Statsmodels is one of the most popular Python packages that provides statistical computations including descriptive statistics and estimation and inference for statistical models. The time series module covers a comprehensive list of model types such as statespace, ARIMA, VAR, ES, HMM, etc.
Prophet is a procedure for forecasting time series data based on an additive model where non-linear trends are fit with yearly, weekly, and daily seasonality, plus holiday effects. It works best with time series that have strong seasonal effects and several seasons of historical data. Prophet is robust to missing data and shifts in the trend, and typically handles outliers well.
Orbit is a Python package for Bayesian time series forecasting and inference. It provides a familiar and intuitive initialize-fit-predict interface for time series tasks, while utilizing probabilistic programming languages under the hood.
Pmdarima (originally pyramid-arima, for the anagram of ‘py’ + ‘arima’) is a statistical library for time series analysis. It has capabilities like statistical tests of stationarity and seasonality, transformers and featurizers, seasonal time series decompositions, etc.
PyDLM is a flexible time series modeling library for Python. This library is based on the Bayesian dynamic linear model (Harrison and West, 1999) and optimized for fast model fitting and inference.
Skforecast is a Python library that eases using scikit-learn regressors as single and multi-step forecasters. It also works with any regressor compatible with the scikit-learn API (LightGBM, XGBoost, CatBoost).

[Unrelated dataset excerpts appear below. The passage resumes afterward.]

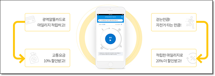 대중교통을 이용하기 위해 걷거나 자전거로 이동한 거리만큼 마일리지를 적립하여 지급하고, 아울러 카드사의 추가할인 혜택을 포함하여 대중교통비를 최대 30%까지 절감할 수 있는 교통카드
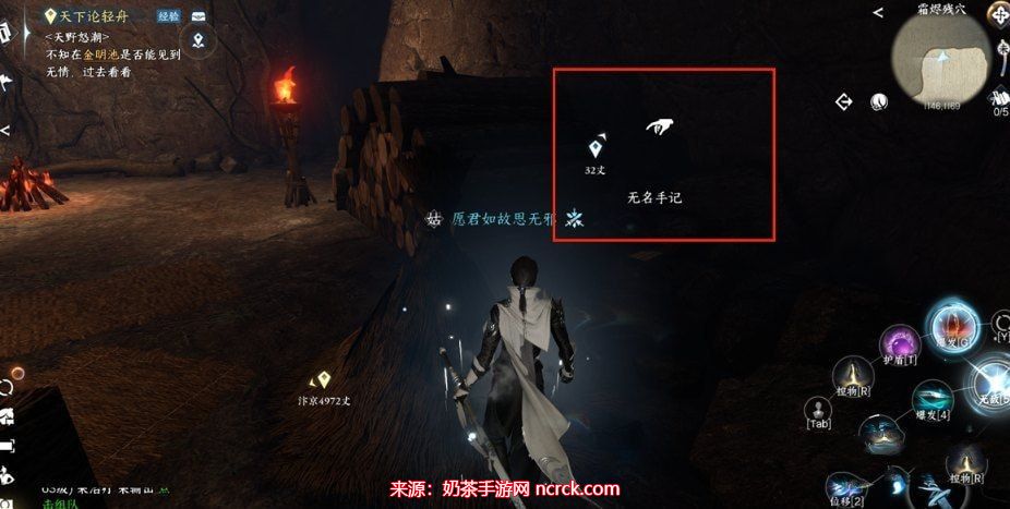 2、前往沧州坐标1088,1105,并踩破冰板。到达指定位置后,你将获得无名笔记。
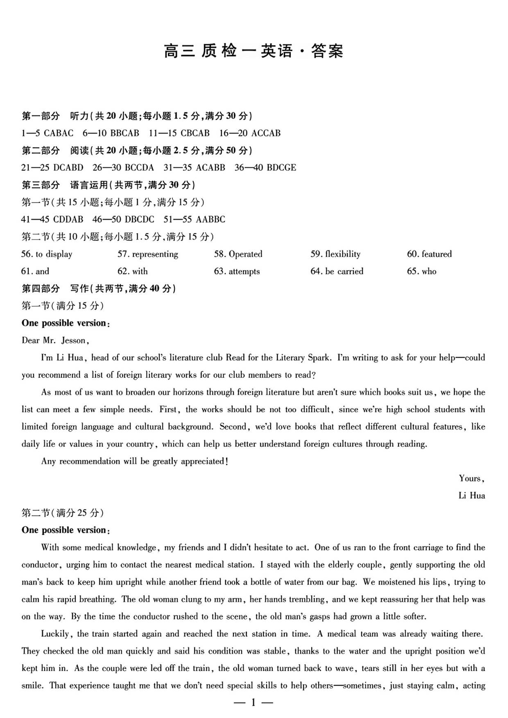 湖南省2025-2026学年(上)湘一名校联盟高三质检(一)英语答案.pdf
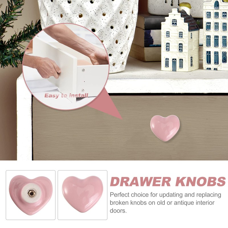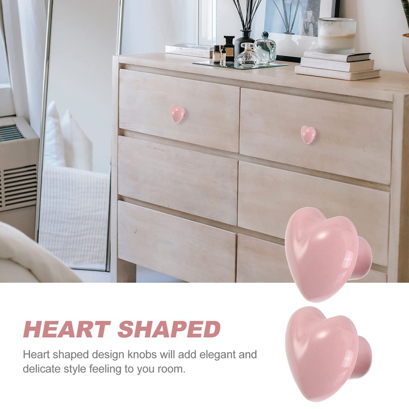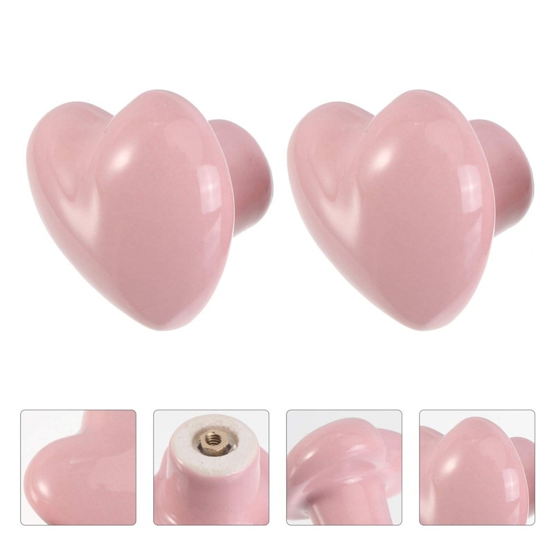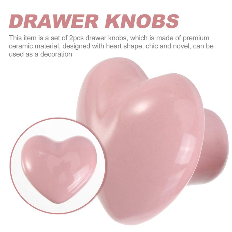 2PCS Ceramic Door Knobs, Heart Shaped Drawer Pulls Ceramic Knobs for Cabinet Cupboard, with Screw, Pink
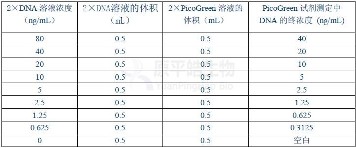 PicoGreen是以1mL的浓缩液形式保存在无水的 DMSO(二甲基亚砜)中。实验当天,配制 2 × PicoGreen试剂的工作溶液,用 1×TE按 1:200的比例稀释浓缩液(10mM Tris-HCl, 1mM EDTA,pH7.5)。如果要准备足够的工作溶液测定 20个样品,可在 20mL1x TE中加入 100μL PicoGreen dsDNA定量试剂。由于试剂容易吸附到玻璃表面,要在塑料容器中配制。 PicoGreen试剂见光易降解,所以应将配好的溶液用箔包住或放置暗处避光保存。
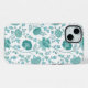 Jacobean Floral Big Pattern Teals on White iPhone Case
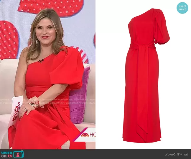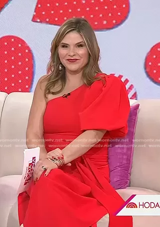 Jenna Bush Hager on Today on NBC was spotted wearing this red one puff shoulder dress on Today on Feb 14 2024's episode. Jenna's Dress is the Lucia Dress in High Risk Red by Cara Cara.
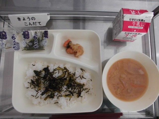 今日の献立は、学校給食献立コンクールで優秀賞を受賞した「こまつなっ葉めし、さけの和風マリネソースかけ、じゃがいもとベーコンのみそ汁」です。
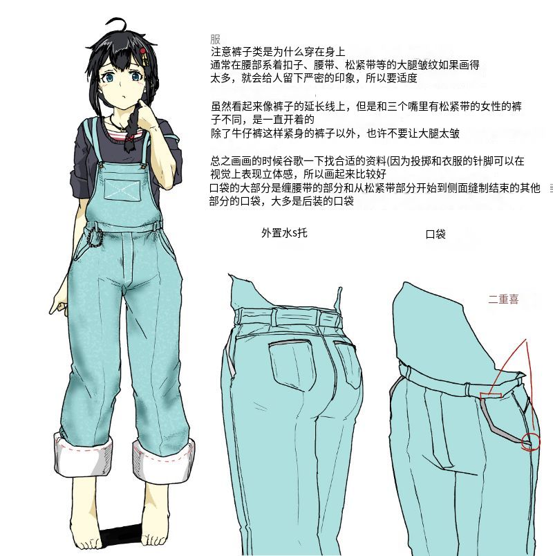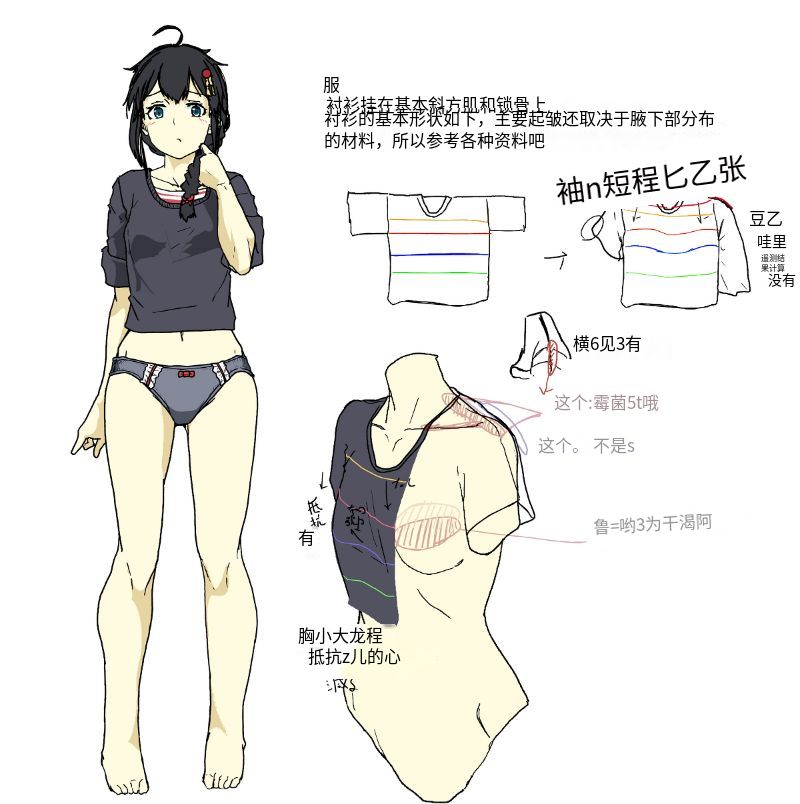粗略地描绘身体的结构。总之先画一张脸,看其平衡,然后再画身体注意骨骼(特别是锁骨和髂骨) 即使是纤瘦的人也不会比蓝骨头的部分瘦意识到露出身体形状的肌肉 (首先是上边列举的)
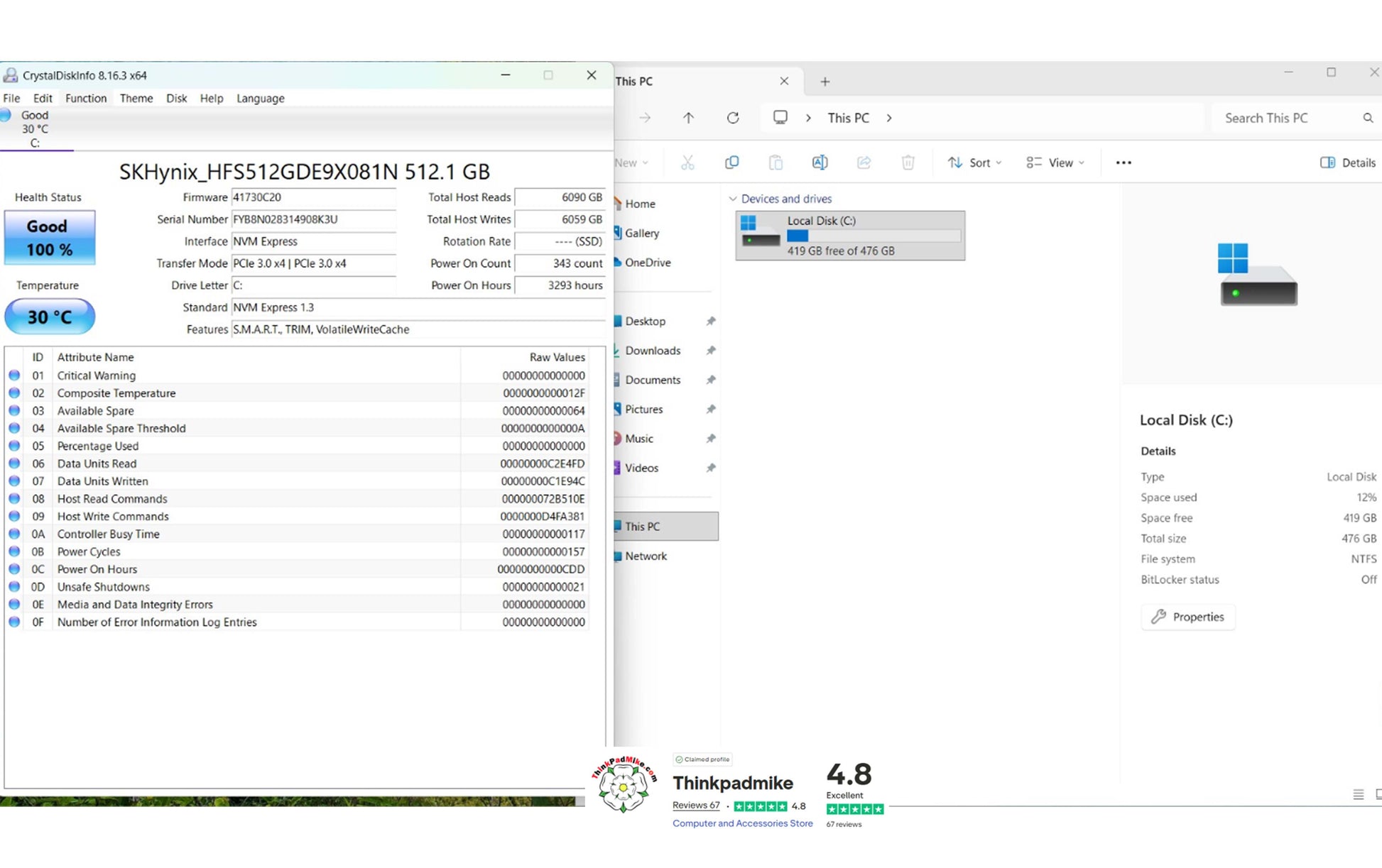 The SSD has been checked using the Crystal Disk application and as you can see in the product picture, it reports Good health and a good temperature. The laptop then has a full diagnostic scan to ensure there are no failings or issues, as you will see in the video it passed without any issues. It is then left to run for at least 24 hours without been allowed to sleep or hibernate to ensure no issues develop.
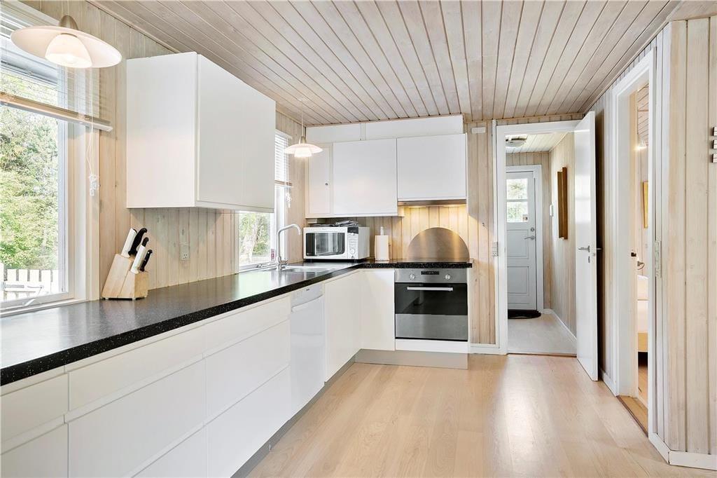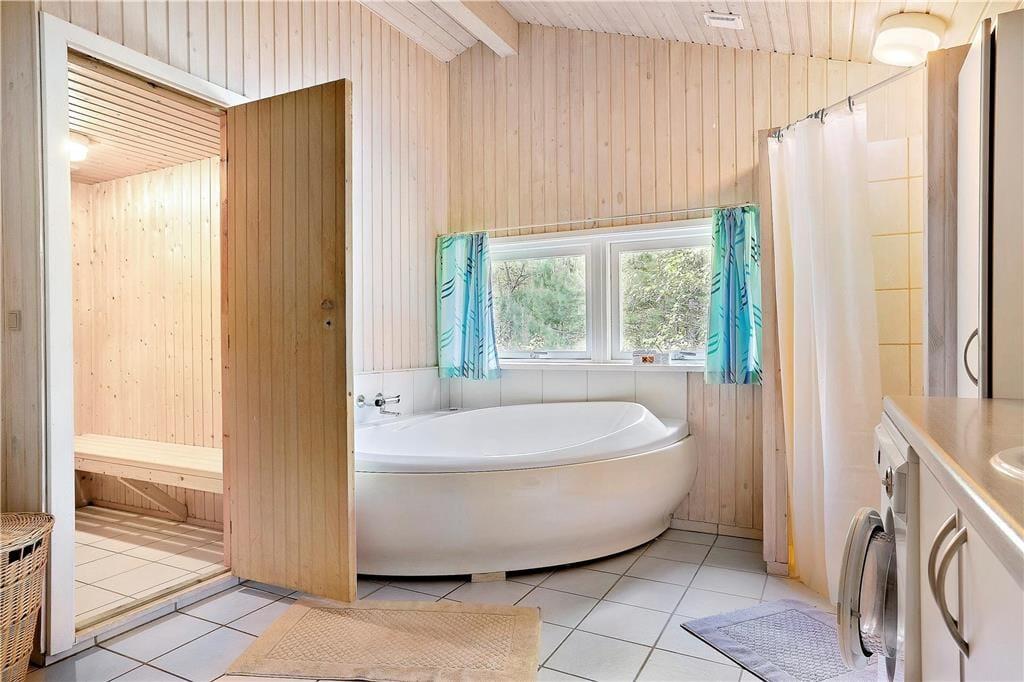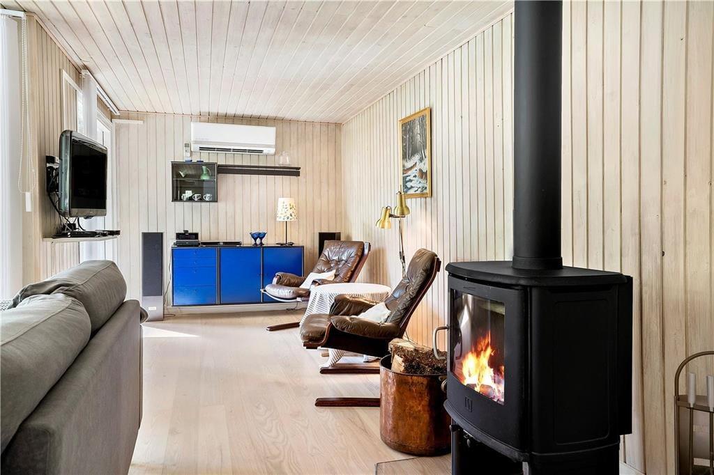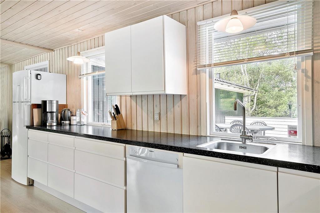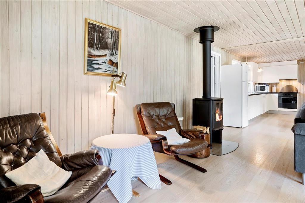 I dette flotte og moderne sommerhus kan hele familien være sikker på en vellykket ferie med fokus på at være sammen og udnytte pausen fra hverdagens høje tempo. Køkken, spiseafdeling og stue er samlet i ét stort og lyst rum, her kan I være sammen om alle aktiviteter fra måltider og ludospil, til afslapning foran tv’et efter en lang og aktiv dag. Med ild i brændeovnen og en kop varm kakao i hånden er sommerhuset også velegnet til ferie udenfor sommersæsonen, og fylder I spabadet med varmt vand og tænder op i saunaen har I jeres egen lille wellnessafdeling på det største af de to badeværelser.
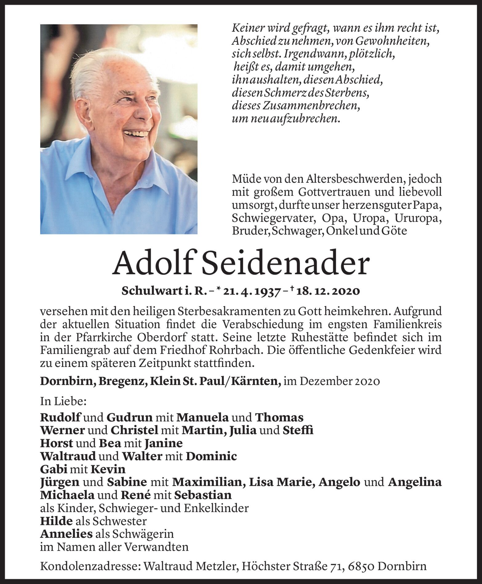 Nachrufe auf Menschen, die Corona zum Opfer fielen. »A4
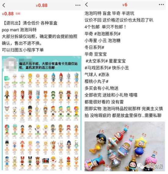 不少盲盒玩家已开始“退坑”,在闲鱼低价批量售卖自己曾经的收藏。一些“退坑”卖家将盲盒普遍标价在50元以下,部分非热门IP标价低至10-20元。
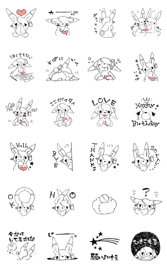胸キュンしちゃう、もふもふうさぎのお友達ネジうさ。おばけなのに怖がりだよ。縁取り加工だから何色の背景でも見やすくて、相手にもやさしいね。スタンプ第8弾。

Sktime is a library for time series analysis in Python. It provides a unified interface for multiple time series learning tasks. Currently, this includes time series classification, regression, clustering, annotation, and forecasting. It comes with time series algorithms and scikit-learn compatible tools to build, tune and validate time series models.
StatsForecast offers a collection of widely used univariate time series forecasting models, including automatic ARIMA, ETS, CES, and Theta modeling optimized for high performance using numba. It also includes a large battery of benchmarking models.
Tslearn is a Python package that provides machine learning tools for the analysis of time series. This package builds on (and hence depends on) scikit-learn, numpy and scipy libraries.
NeuralProphet is an easy to learn framework for interpretable time series forecasting. NeuralProphet is built on PyTorch and combines Neural Network and traditional time-series algorithms, inspired by Facebook Prophet and AR-Net.
NeuralForecast offers a large collection of neural forecasting models focused on their usability, and robustness. The models range from classic networks like MLP, RNN to novel proven contributions like NBEATS, TFT and other architectures.
PyTorch Forecasting is a PyTorch-based package for forecasting time series with state-of-the-art network architectures. It provides a high-level API for training networks on pandas data frames and leverages PyTorch Lightning for scalable training on (multiple) GPUs, CPUs and for automatic logging.
Tsai is an open-source deep learning package built on top of Pytorch & fastai focused on state-of-the-art techniques for time series tasks like classification, regression, forecasting, imputation.